Problem details ->
What needs reproducing is the run of lines in the data below starting at the line with "Ramon Roqué i" and ending at the line with "Рисунок 2 –", both ends included. Copy it exactly, without pictures, and add nothing.

Records provided ->

+===+

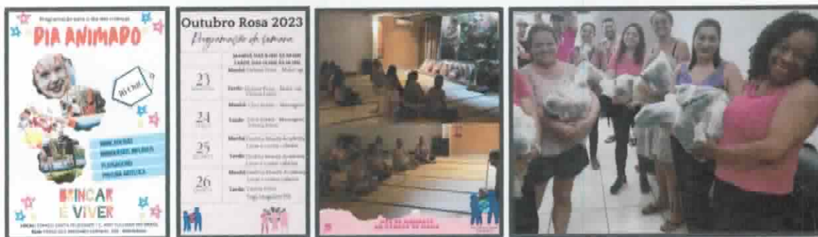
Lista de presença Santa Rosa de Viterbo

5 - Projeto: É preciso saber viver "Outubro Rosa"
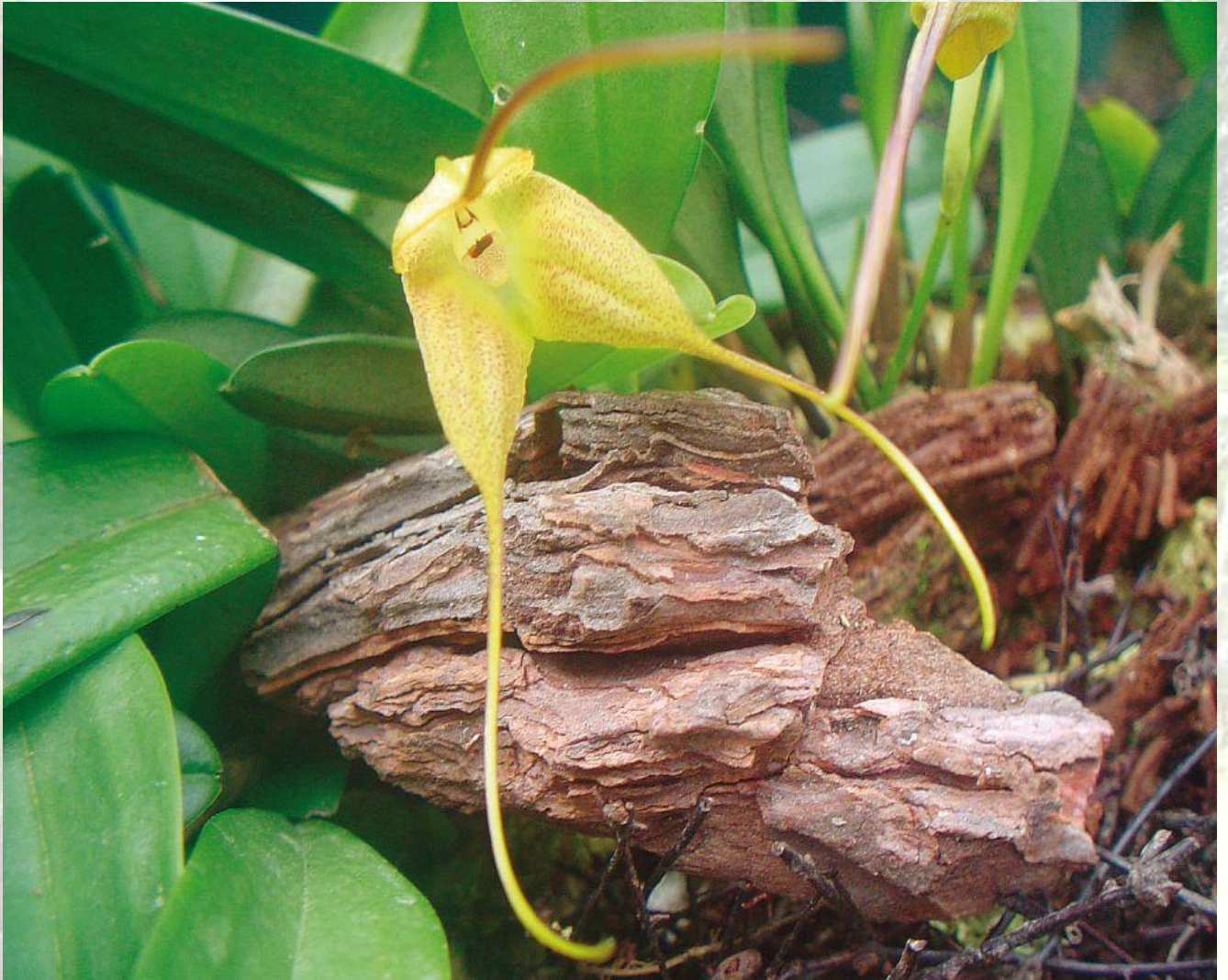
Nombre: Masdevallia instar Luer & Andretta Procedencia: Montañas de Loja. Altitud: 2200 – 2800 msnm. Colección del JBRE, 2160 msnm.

+===+

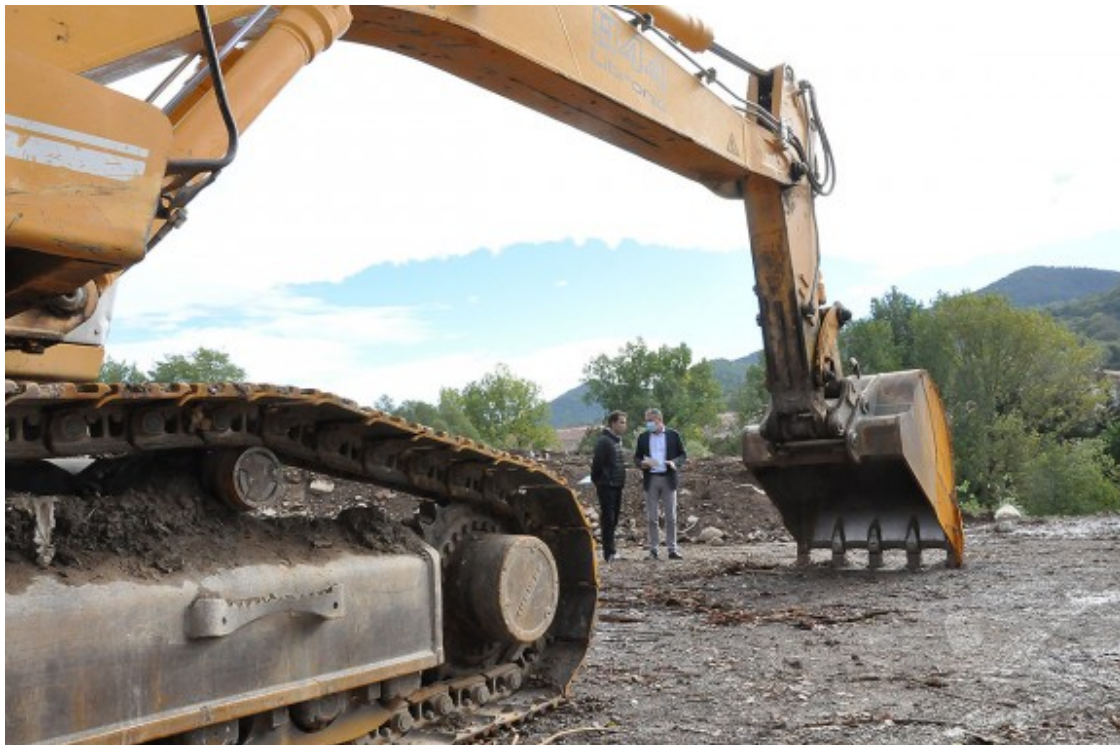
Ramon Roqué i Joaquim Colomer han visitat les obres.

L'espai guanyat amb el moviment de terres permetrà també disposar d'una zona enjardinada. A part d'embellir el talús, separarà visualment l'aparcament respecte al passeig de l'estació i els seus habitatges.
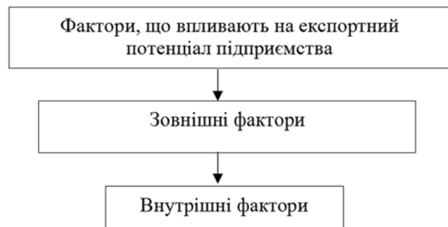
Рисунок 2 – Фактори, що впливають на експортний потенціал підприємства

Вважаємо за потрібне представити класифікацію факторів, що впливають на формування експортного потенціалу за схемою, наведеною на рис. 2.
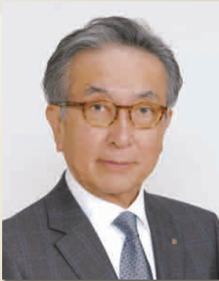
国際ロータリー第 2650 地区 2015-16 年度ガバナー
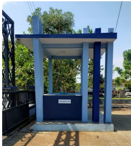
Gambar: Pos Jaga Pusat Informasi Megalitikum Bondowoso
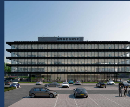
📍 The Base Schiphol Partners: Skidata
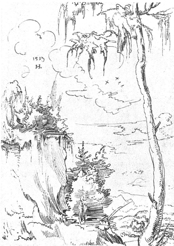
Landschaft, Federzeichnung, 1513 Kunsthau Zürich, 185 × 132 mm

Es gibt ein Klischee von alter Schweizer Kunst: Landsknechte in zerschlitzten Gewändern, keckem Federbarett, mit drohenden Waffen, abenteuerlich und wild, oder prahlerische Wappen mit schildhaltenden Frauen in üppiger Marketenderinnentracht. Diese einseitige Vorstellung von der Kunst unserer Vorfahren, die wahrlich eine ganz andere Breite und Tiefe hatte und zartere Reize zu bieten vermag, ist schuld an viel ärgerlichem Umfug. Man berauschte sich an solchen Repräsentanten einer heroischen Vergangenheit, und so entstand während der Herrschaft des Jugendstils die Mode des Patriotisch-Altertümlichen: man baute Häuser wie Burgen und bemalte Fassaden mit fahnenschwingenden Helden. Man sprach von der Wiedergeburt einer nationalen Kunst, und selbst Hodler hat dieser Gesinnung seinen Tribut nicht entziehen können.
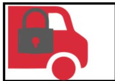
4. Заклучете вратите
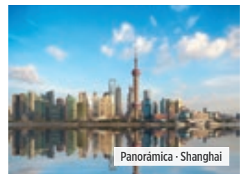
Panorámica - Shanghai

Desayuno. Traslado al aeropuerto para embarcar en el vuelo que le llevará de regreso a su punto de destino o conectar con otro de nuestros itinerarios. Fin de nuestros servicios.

+===+

Output of the exercise ->
Ramon Roqué i Joaquim Colomer han visitat les obres.

L'espai guanyat amb el moviment de terres permetrà també disposar d'una zona enjardinada. A part d'embellir el talús, separarà visualment l'aparcament respecte al passeig de l'estació i els seus habitatges.
Рисунок 2 – Фактори, що впливають на експортний потенціал підприємства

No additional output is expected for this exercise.